7.3.4 Hash Tables

For efficiency, hash tables are the best method. Most production-quality compilers use hashing for their symbol table structure.

Lots of hashing functions have been developed for names (See Exercise 5 ). It has been joked that the hashing table for symbol tables is irrelevant as long as it keeps the variables I, N, and X distinct!

The hashing functions consist of finding a numerical value for the identifier, perhaps some combination of the ASCII code as a number or even its bit code, and then performing some of the techniques used for hashing numbers (taking the middle values, etc.).

Example 5 creates a hash table using the formula

H(Id) = (# of first letter + # of last letter) mod 11

where # is the ASCII value of the letter.

Notice in Example 5 that both instances of variable a have been hashed to the same position in the hash table and that both x and b have hashed to the same position.

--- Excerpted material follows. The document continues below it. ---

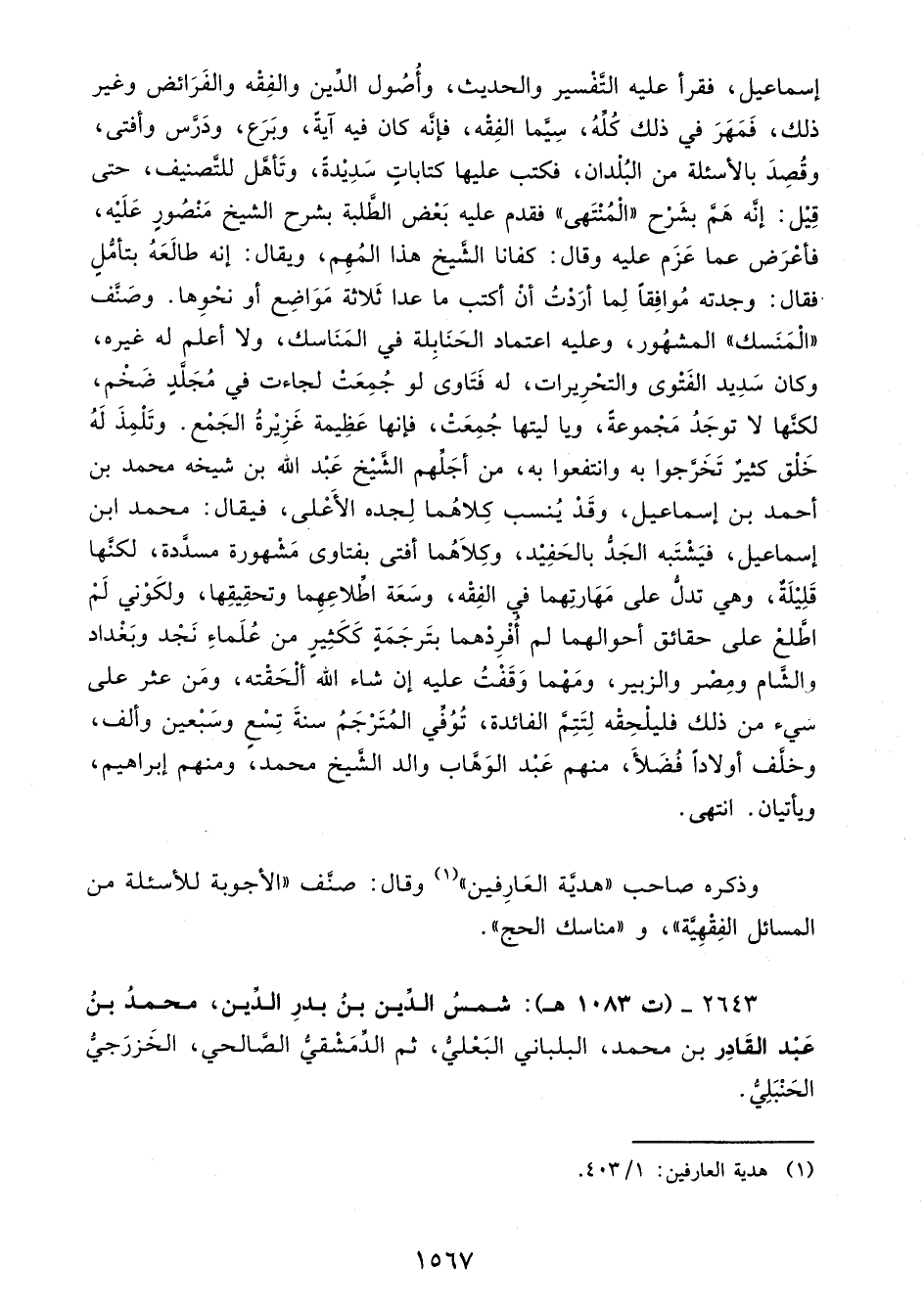 إسماعيل، فقرأ عليه التَّفْسير والحديث، وأُصُول الدِّين والفِقْه والفَرَائض وغير ذلك، فَمَهَرَ في ذلك كُلِّه، سِيَّما الفِقْه، فإنه كان فيه آيةً، وبَرَع، ودَرَّس وأفتى، وقُصِدَ بالأسئلة من البُلْدان، فكتب عليها كتاباتٍ سَدِيْدةً، وتَأهَّل للتَّصنيف، حتى قِيْل: إنه هَمَّ بشَرْح "الْمُنْتَهى" فقدم عليه بَعْض الطَّلبة بشرح الشَّيخ مَنْصُورٍ عَلَيْه، فأعْرَض عما عَزَم عليه وقال: كفانا الشَّيخ هذا المُهِم، ويقال: إنه طالَعَهُ بتأمُّلٍ فقال: وجدته مُوافِقًا لِما أرَدْتُ أنْ أكتب ما عدا ثَلاثة مَوَاضِع أو نحْوِها. وصَنَّف "الْمَنَسك" المشهُور، وعليه اعتماد الحَنَابِلة في المَنَاسك، ولا أعلم له غيره، وكان سَدِيد الفَتْوى والتحْرِيرات، له فَتَاوى لو جُمِعَتْ لجاءت في مُجَلَّدٍ ضَخْم، لكنَّها لا توجَدُ مَجْموعةً، ويا ليتها جُمِعَتْ، فإنها عَظِيمة غَزِيْرةُ الجَمْع. وتَلْمِذَ لَهُ خَلْق كثيرٌ تَخَرَّجوا به وانتفعوا به، من أجَلِّهم الشَّيْخ عَبْد الله بن شيخه محمد بن أحمد بن إسماعيل، وقَدْ يُنسب كِلاهُما لِجده الأَعْلى، فيقال: محمد ابن إسماعيل، فيَشْتَبه الجَدُّ بالحَفِيْد، وكِلَاهُما أفتى بفتاوى مَشْهورة مسدَّدة، لكنَّها قَلِيْلَةٌ، وهي تدلُّ على مَهَارتِهما في الفِقْه، وسَعَة اطِّلاعِهِما وتحقِيقِها، ولكَوْني لَمْ اطَّلعْ على حقائق أحوالهما لم أُفْرِدْهما بتَرجَمَةٍ كَكَثِيرٍ من عُلَماءِ نَجْد وبَغْداد والشَّام ومِصْر والزبير، ومَهْما وَقَفْتُ عليه إن شاء الله ألْحَقْته، ومَن عثر على شيء من ذلك فليلْحِقْه لِتَتِمَّ الفائدة، تُوُفِّي المُتَرْجَمُ سنةَ تِسْعٍ وسَبْعين وألف، وخلَّف أولادًا فُضَلأَ، منهم عَبْد الوَهَّاب والد الشَّيخ محمد، ومنهم إبراهيم، ويأتيان. انتهى.

If the hash function distributes the names uniformly, then hashing is very efficient - O(1) in the average case. The worst case, where all names has to the same number, has a time O(n). This case is unlikely, however.

More space is generally needed for a hash symbol table structure, so it is not as space-efficient as binary trees or list structures.

If new entries are added to the front of the linked structure, scoping is easily implemented in a single table. In fact, separate tables usually take up too much extra space.